— The problem —
Look through the data below and output, unchanged, every line from the one holding "Стены дома образуют" through the one holding "했던 사연을 전했다.", inclusive. Skip the pictures.

══ Data for this exercise

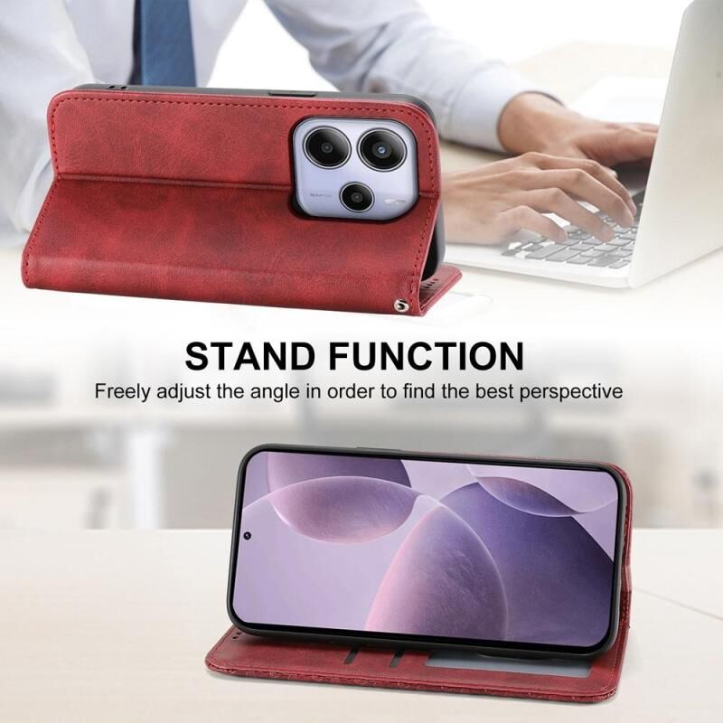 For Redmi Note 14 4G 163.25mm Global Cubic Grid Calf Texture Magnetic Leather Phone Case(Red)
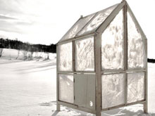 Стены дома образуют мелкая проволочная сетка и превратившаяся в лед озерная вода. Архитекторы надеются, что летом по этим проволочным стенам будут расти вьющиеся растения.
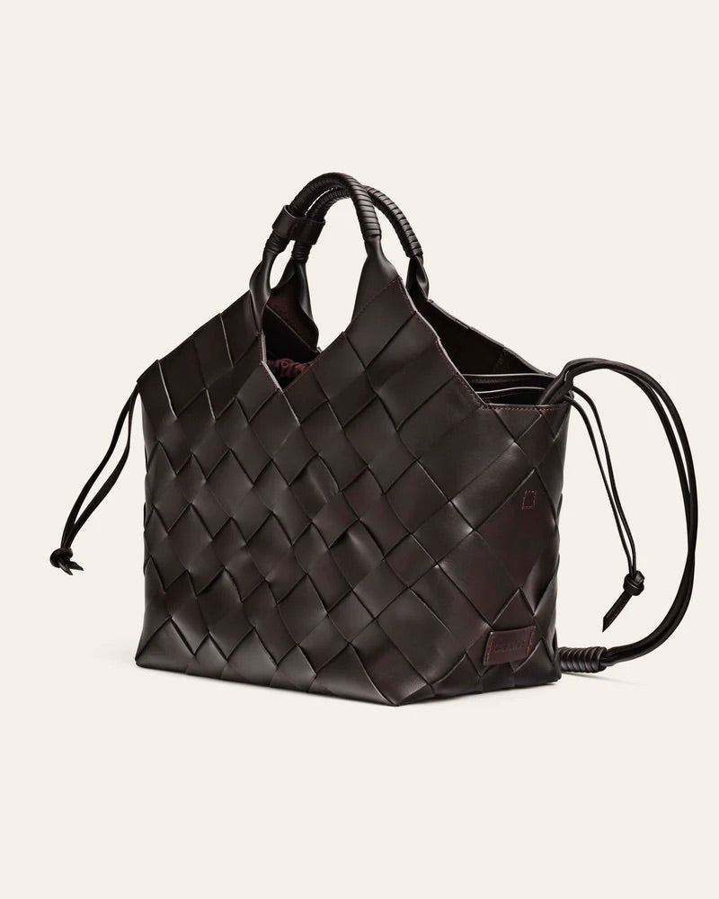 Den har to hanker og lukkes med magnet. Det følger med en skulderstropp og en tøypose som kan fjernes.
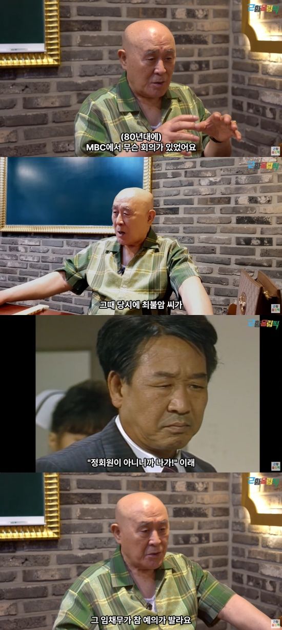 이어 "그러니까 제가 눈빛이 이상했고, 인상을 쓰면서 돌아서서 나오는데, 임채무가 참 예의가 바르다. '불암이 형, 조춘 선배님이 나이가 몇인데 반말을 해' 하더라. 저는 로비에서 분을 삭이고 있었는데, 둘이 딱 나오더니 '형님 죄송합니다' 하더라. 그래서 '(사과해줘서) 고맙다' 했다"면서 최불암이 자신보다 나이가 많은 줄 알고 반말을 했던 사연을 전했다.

════
══ Data for this exercise

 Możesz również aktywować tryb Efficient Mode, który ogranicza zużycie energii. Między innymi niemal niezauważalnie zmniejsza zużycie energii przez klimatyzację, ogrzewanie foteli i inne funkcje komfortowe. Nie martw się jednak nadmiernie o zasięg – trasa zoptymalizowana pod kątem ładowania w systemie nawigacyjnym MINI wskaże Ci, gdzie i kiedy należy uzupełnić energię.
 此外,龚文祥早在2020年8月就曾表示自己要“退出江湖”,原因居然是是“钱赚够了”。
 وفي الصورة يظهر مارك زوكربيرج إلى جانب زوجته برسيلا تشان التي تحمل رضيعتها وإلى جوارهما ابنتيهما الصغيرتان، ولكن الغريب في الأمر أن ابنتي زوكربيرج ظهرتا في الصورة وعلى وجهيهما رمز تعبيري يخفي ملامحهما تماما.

════

— Expected answer —
 Стены дома образуют мелкая проволочная сетка и превратившаяся в лед озерная вода. Архитекторы надеются, что летом по этим проволочным стенам будут расти вьющиеся растения.
 Den har to hanker og lukkes med magnet. Det følger med en skulderstropp og en tøypose som kan fjernes.
 이어 "그러니까 제가 눈빛이 이상했고, 인상을 쓰면서 돌아서서 나오는데, 임채무가 참 예의가 바르다. '불암이 형, 조춘 선배님이 나이가 몇인데 반말을 해' 하더라. 저는 로비에서 분을 삭이고 있었는데, 둘이 딱 나오더니 '형님 죄송합니다' 하더라. 그래서 '(사과해줘서) 고맙다' 했다"면서 최불암이 자신보다 나이가 많은 줄 알고 반말을 했던 사연을 전했다.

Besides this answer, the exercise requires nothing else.